Chief Justice of the Madras High Court
- In office 1859–1860
- Preceded by: Sir Christopher Rawlinson
- Succeeded by: Sir Colley Harman Scotland

Personal details
- Born: 16 March 1805 London, England
- Died: 4 November 1860 (aged 55) Ootacamund, British India
- Occupation: lawyer, judge
- Profession: Chief Justice

= Henry Davison (judge) =

British lawyer and jurist

Sir Henry Davison (16 March 1805 – 4 November 1860) was the Chief Justice of the Supreme Court of Madras in British India from 1859 to 1860.

The fourth son of Thomas Davison, of St Bride's, Fleet Street, City of London, Davison was educated at Trinity College, Oxford (B.A. 1829, M.A. 1834), and called to the Bar from the Middle Temple in 1834.
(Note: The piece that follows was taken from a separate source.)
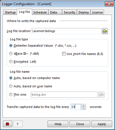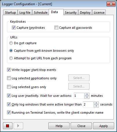 Screenshots: Logger Configuration tool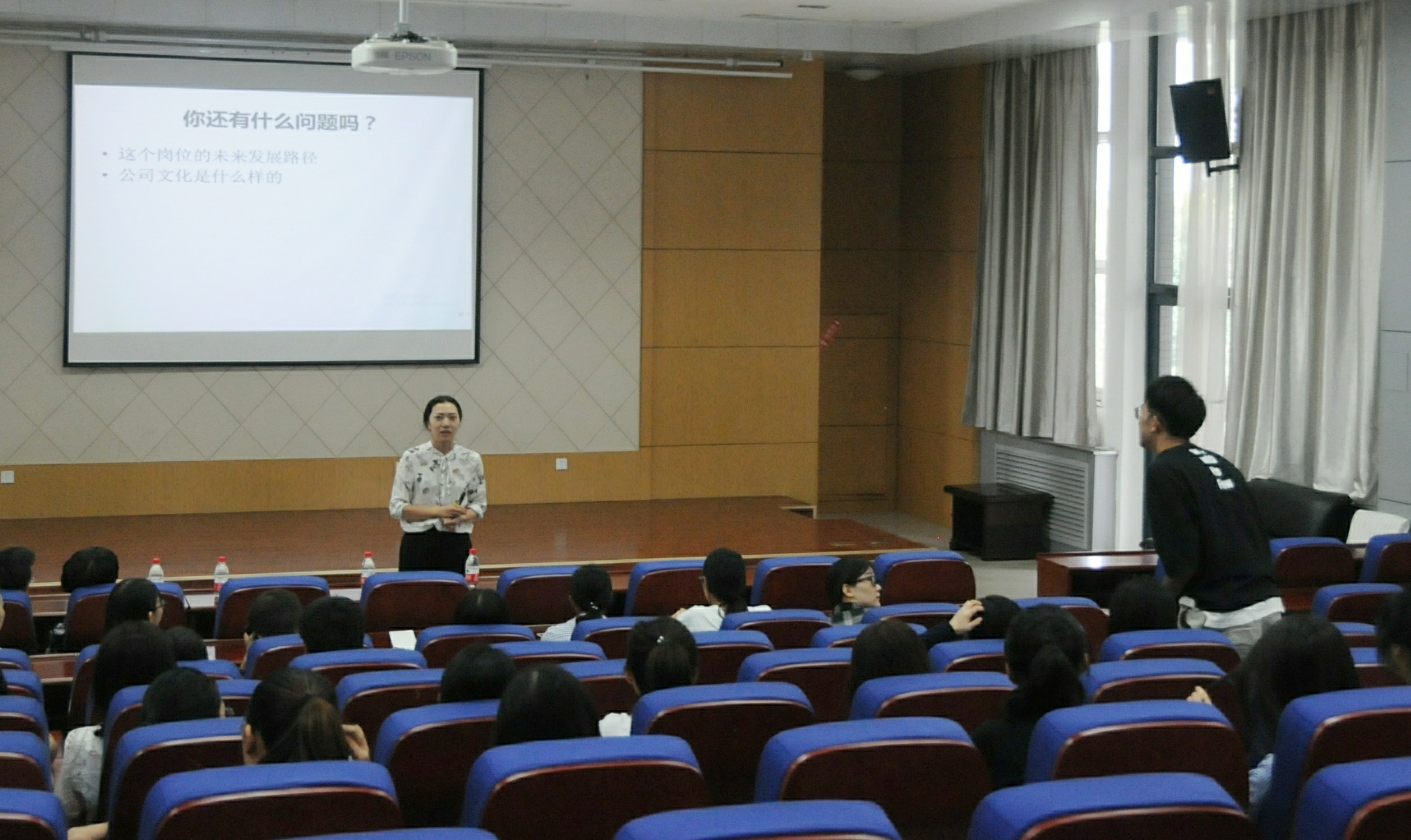 随后,学生就业创业指导服务中心的朱莉老师以典型就业和成长案例为切入点,为同学们讲解了求职及面试技巧。朱莉老师指出,在成功就业的过程中,认清自己是前提,要充分了解自己性格、兴趣、能力;在找准定位之后,要合理定位工作期望,根据预期职业,积极提高求职技能,做好充分的求职准备;最后,朱老师强调,在求职中要拓展就业思路,充分利用学校提供的相关就业资源,发挥自身优势,找到心仪的工作。

Having been a puisne judge at Madras (sworn in 16 March 1857), Davison was appointed Chief Justice in March 1859, but did not serve for long, dying at Ootacamund on 4 November 1860. William Makepeace Thackeray affectionately dedicated his historical novel The Virginians (published from 1857 to 1859) to Davison.

Davison was married and had issue; his daughter, Emily Jane, married the organist Philip Armes in 1864.